This morning I find myself in a mad mood, not at all conducive to creative thought. If I started to vent I would end up looking bitter, twisted and in need of immediate psychological help. This does not sit well with how a woman of my age, wisdom and maturity should behave. I know because past experience has taught me it would only end in tears – mine.
I have no wish to expand on the reason for my simmering mood and intermittent chuntering – all I will say is the Dutch Health Insurance Company and leave it at that.
Unfortunately in my angst and rage against the DHIC I can’t focus on writing and I really want to. As usual there is a silver lining – I have a piece of writing I wasn’t sure I wanted to post but I’m going to.
Here’s the issue – it’s not lively or funny or quirky, it’s actually quite grown up, something I’ve spent my life trying to avoid. Essentially it doesn’t feel like me. But what I discovered behind the words was an emotion I am uncomfortable with, something I can’t identify. Or refuse to.
I was recently asked to submit an introductory writing sample about the American South for an audience not familiar with the area – a pretty huge chunk of the USA you’ll admit, and a pretty open remit on how to present it. After some discussion it was decided to start with a general overview, some facts and figures and zoom in on a smaller area, the Deep South.
Once I zoomed in and started writing it pretty much wrote itself, and I realised as the words came out that some of them were coming from a place deep inside about a city I had a love/ hate relationship with for ten years and who I still feel ambiguous about.
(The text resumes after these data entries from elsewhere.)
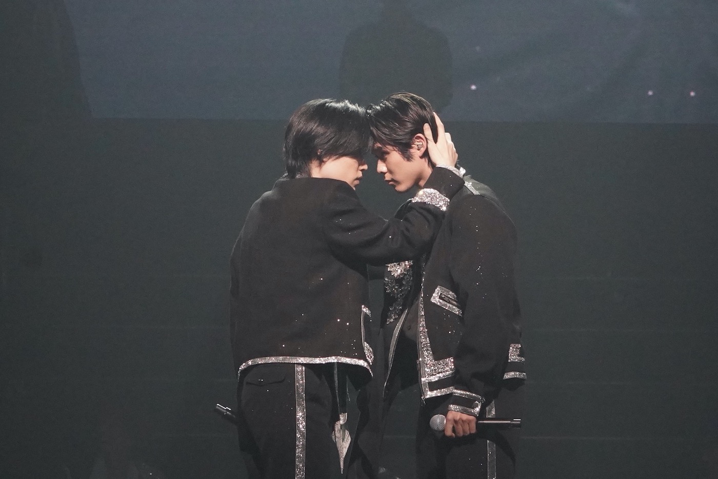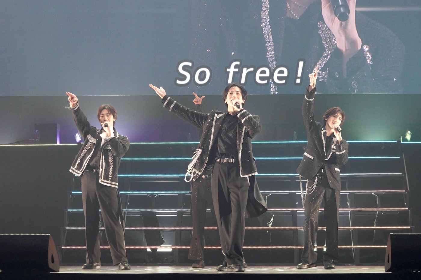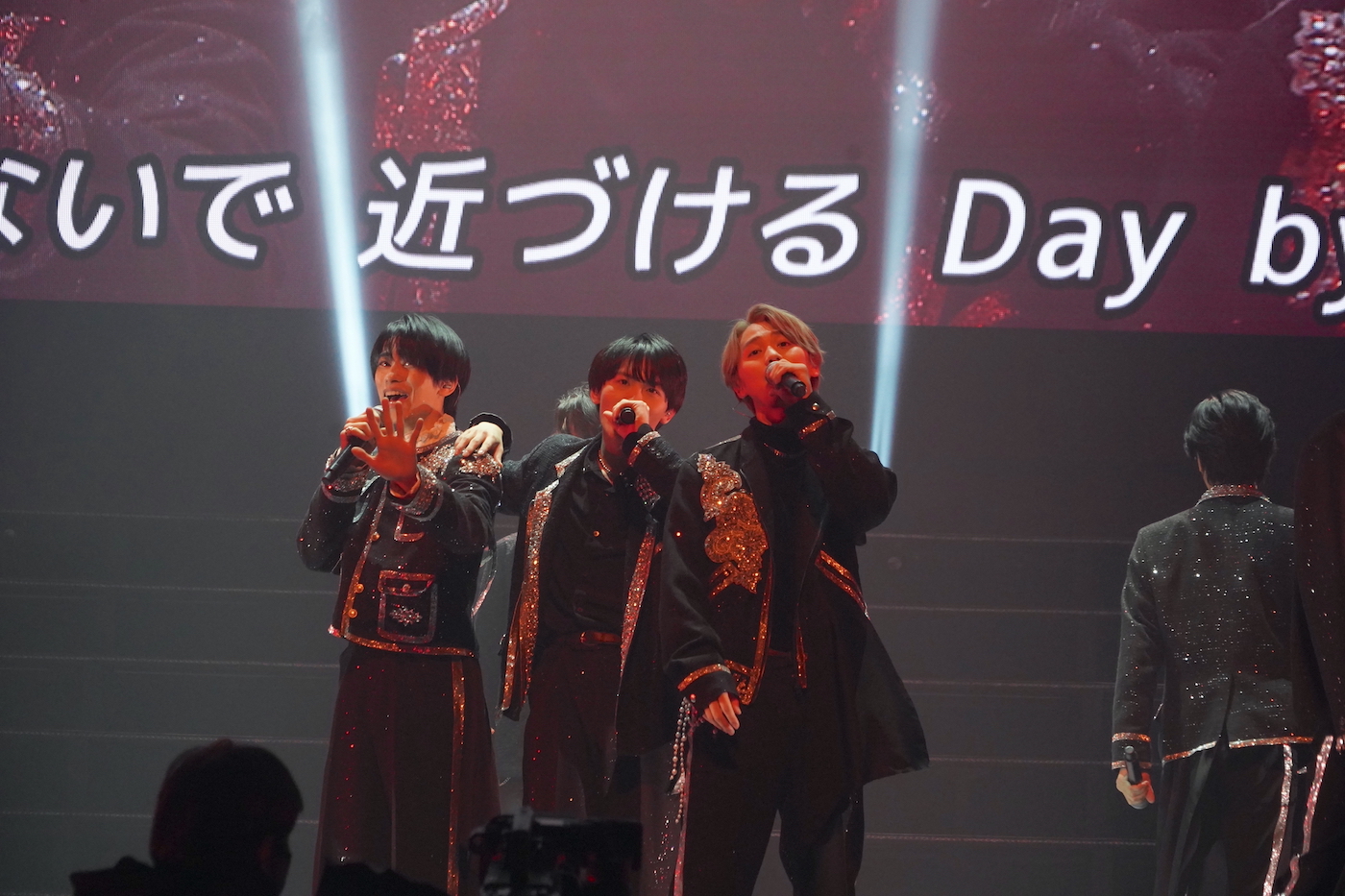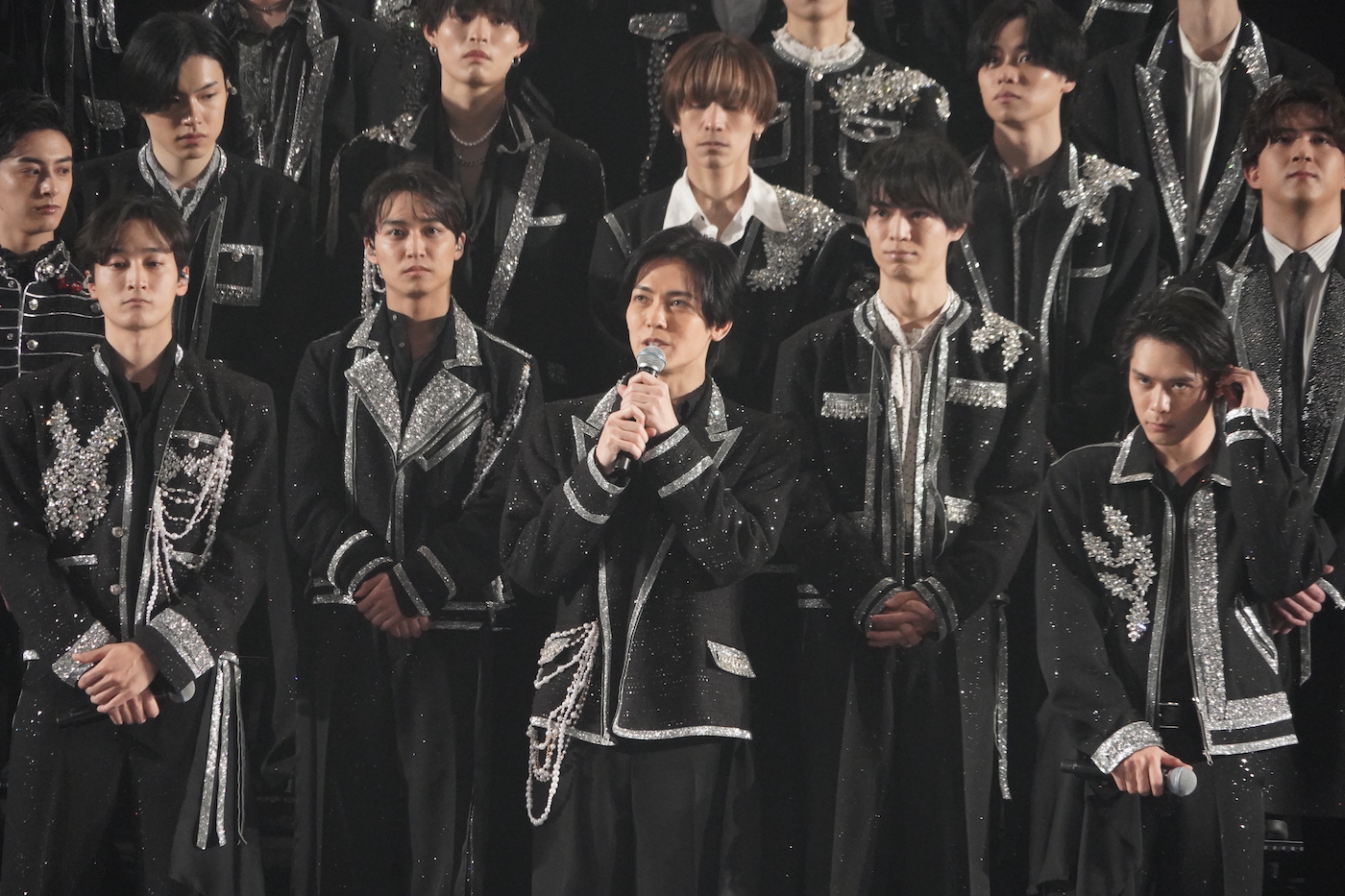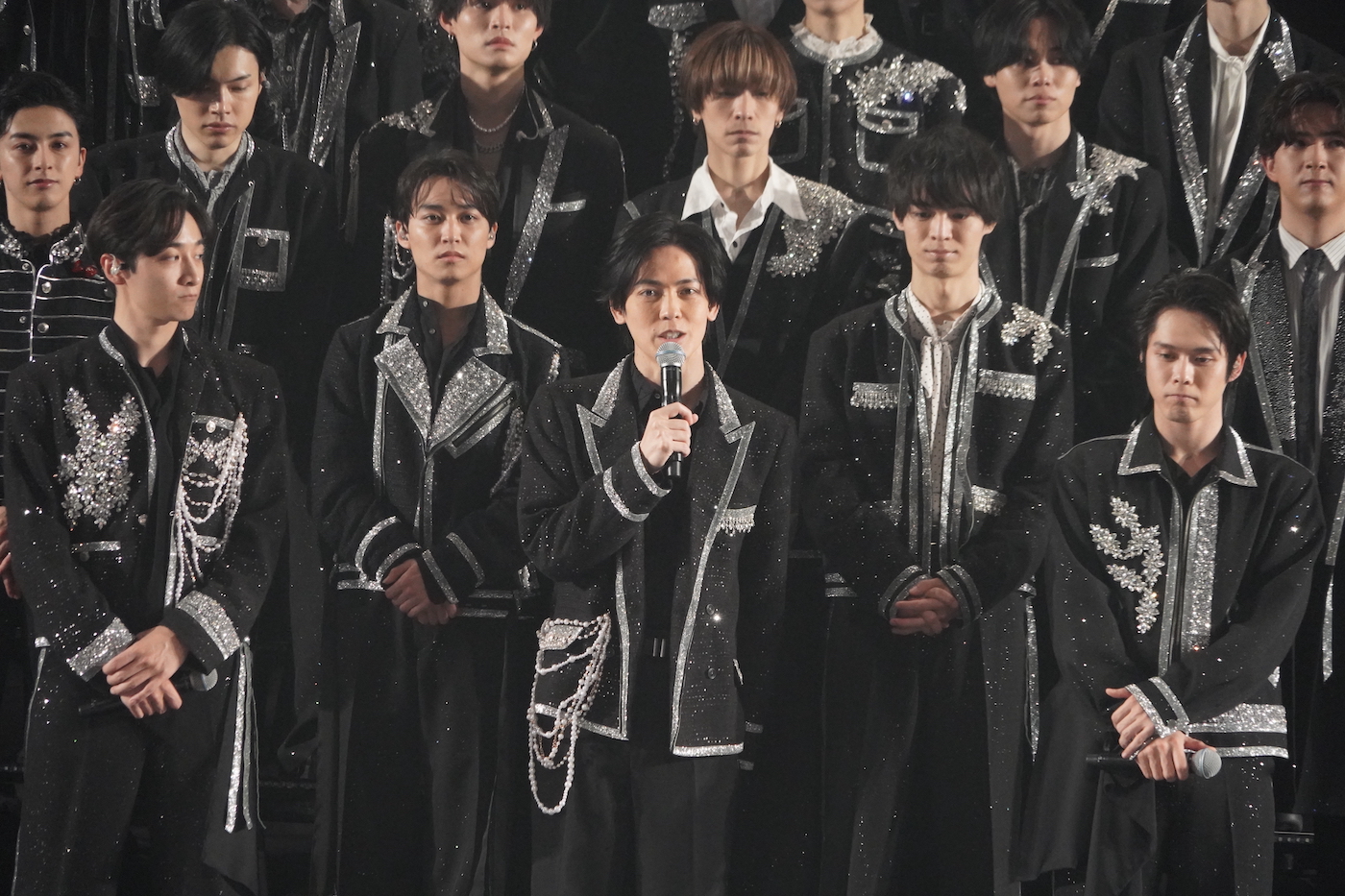 そして、最終公演にはさらなるサプライズが待っていた。ファンからのリクエストで1位を獲得した「キミノリズム」は公演ごとに異なるメンバーで届けられており、今回は小関、松岡、松島、水田によるパフォーマンス……と思いきや、ステージには5人目のメンバーが登場。後ろ向きに立っていた彼が振り返ると、割れんばかりの歓声が響いた。歴代ハンサムメンバーの神木隆之介だ。嬉しさから抱き合った5人は、神木をセンターに据えてステージ前面へと移動し、〈君の手をそっと握った〉で小関と神木が手を繋ぐなど、笑顔を弾けさせる。歌い終えた神木は、自身も過去に『ハンサムライブ』のステージに立った時のことを思い出したと語り、最後はファンからの大歓声を受けて「幸せだよ!」と笑みを見せた。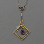 Description: A fine Edwardian 9 carat yellow gold lavaliere with a central round cut amethyst dangling from a pearl set at the apex of a double square, this is lowered from a second round cut amethyst attached either side to a delicate gold chain. Also referred to as a negligee necklace, it originates from England, c. 1900-1910.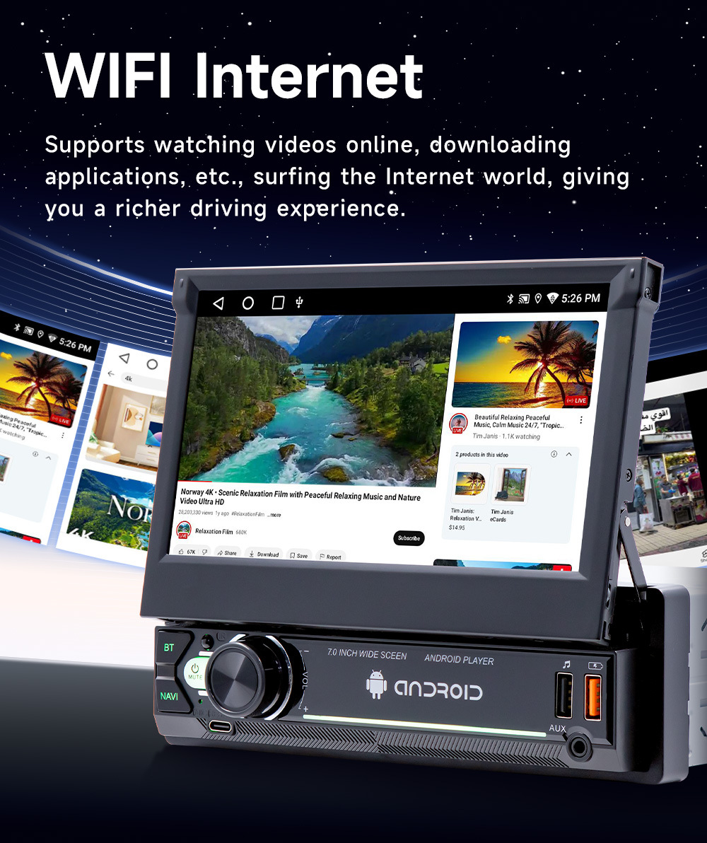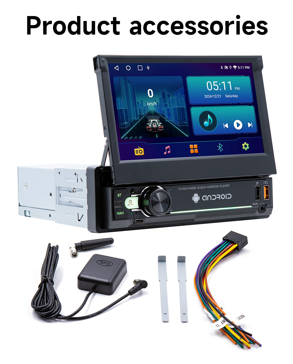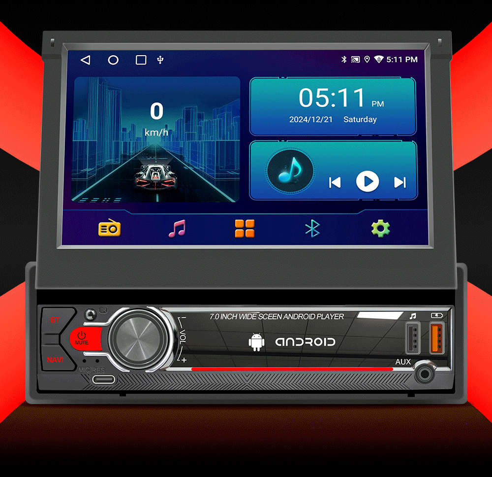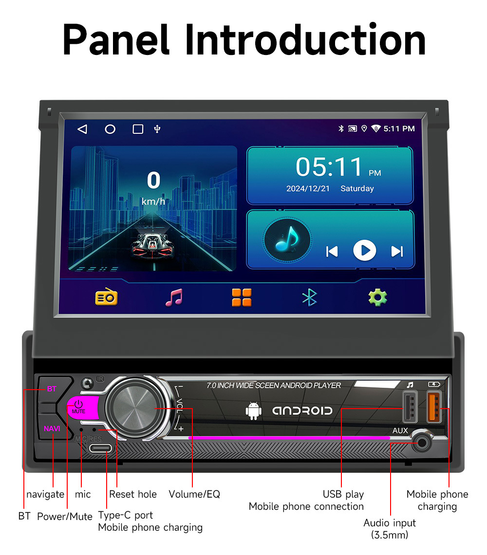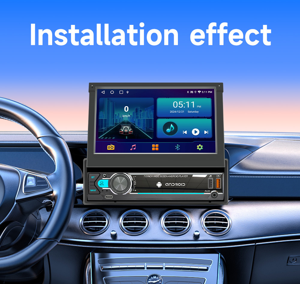 Pantalla retráctil de 7 pulgadas Android vehículo GPS navegación inalámbrica carplay vehículo inteligente control central máquina de navegación todo en uno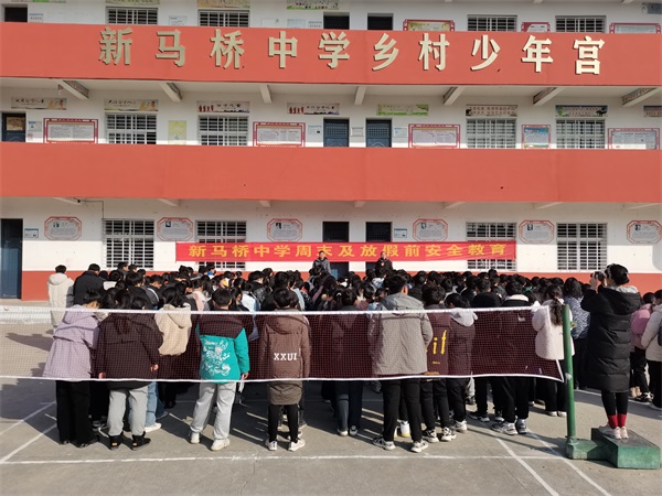 为进一步增强学生的自我防范意识和自我保护能力,确保学生元旦假期在家和途中的安全,2021年12月31日上午大课间,固镇县新马桥中学利用大课间时间在实验楼前召开了学生元旦假期离校前安全教育大会。

The place I raised my children, the place that taught me more about myself than anywhere I’ve ever lived, whose endgame was a challenge that proved the human spirit is greater than any of us realises and at the end of the day other people and our relationships with them are all that matter in life.
I didn’t write any of that in the piece, but I realised behind the conversational tone and informative chit-chat there was a deeper emotion at work, one that is determined to find its way out. Perhaps it’s time to let whatever force is in there express itself, who knows. What I do know is that the prospect scares the hell out of me.
My argument against it is some things are better left in a box and stored way, that opening the box and examining it’s contents will be like picking at a scab on your knee – painful, messy and only of interest to you.
Then of course there is the problem of the box itself. Its fine while it sits there happily, content to exist quietly somewhere deep in your psyche, quite another thing when it decides to start making escape plans.
So what to do?
What I usually do, nail the lid back on, wrap it in chains, and sink it in concrete. Only this time something has changed, oh so subtly, but it’s there. I think about Pandora, and realise that in opening her box she was left with the greatest gift of all.
Oh Lordy, I’ve rambled on again. Guess I’ll post the Deep South thing as a separate blog, as I’d like to know what you think.